### What the exercise asks:
Nothing outside the range is to be copied. From the entries below, reproduce exactly the lines starting at the one with "洗完頭後擦乾,把染髮護髮膏擠在濕潤的手掌上,揉搓所有頭髮及髮根 |" and ending at the one with "Auf dem Sensthof", without pictures.

### Task data:
____________
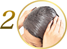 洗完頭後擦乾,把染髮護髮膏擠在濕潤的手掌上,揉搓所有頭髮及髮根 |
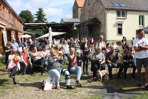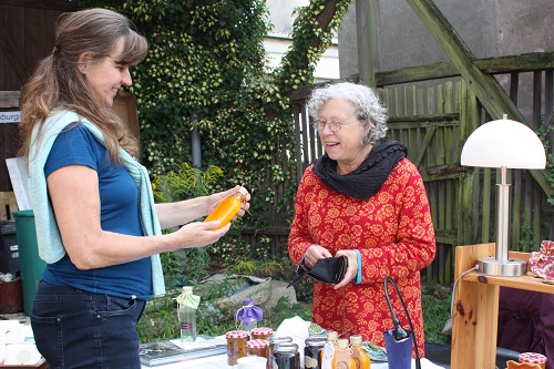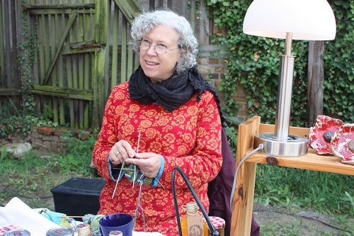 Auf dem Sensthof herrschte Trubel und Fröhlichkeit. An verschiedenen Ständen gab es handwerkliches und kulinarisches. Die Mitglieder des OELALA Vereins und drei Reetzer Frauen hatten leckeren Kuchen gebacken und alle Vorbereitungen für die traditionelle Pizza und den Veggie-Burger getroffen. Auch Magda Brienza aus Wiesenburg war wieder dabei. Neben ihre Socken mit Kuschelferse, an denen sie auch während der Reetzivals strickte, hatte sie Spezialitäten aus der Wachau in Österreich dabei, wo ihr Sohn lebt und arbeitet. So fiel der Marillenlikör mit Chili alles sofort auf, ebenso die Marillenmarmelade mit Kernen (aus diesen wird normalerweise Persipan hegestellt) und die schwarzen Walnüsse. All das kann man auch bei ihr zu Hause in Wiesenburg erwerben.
____________
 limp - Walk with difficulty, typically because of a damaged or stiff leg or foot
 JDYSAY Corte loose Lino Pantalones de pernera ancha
____________
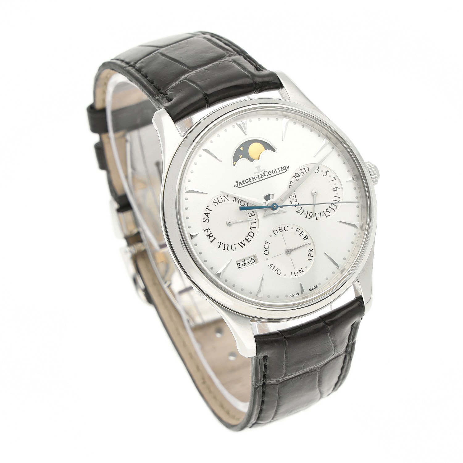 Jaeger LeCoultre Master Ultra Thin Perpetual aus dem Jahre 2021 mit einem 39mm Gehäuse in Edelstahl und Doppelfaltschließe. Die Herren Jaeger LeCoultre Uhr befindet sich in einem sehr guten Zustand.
____________
### Response area:
 洗完頭後擦乾,把染髮護髮膏擠在濕潤的手掌上,揉搓所有頭髮及髮根 |
 Auf dem Sensthof herrschte Trubel und Fröhlichkeit. An verschiedenen Ständen gab es handwerkliches und kulinarisches. Die Mitglieder des OELALA Vereins und drei Reetzer Frauen hatten leckeren Kuchen gebacken und alle Vorbereitungen für die traditionelle Pizza und den Veggie-Burger getroffen. Auch Magda Brienza aus Wiesenburg war wieder dabei. Neben ihre Socken mit Kuschelferse, an denen sie auch während der Reetzivals strickte, hatte sie Spezialitäten aus der Wachau in Österreich dabei, wo ihr Sohn lebt und arbeitet. So fiel der Marillenlikör mit Chili alles sofort auf, ebenso die Marillenmarmelade mit Kernen (aus diesen wird normalerweise Persipan hegestellt) und die schwarzen Walnüsse. All das kann man auch bei ihr zu Hause in Wiesenburg erwerben.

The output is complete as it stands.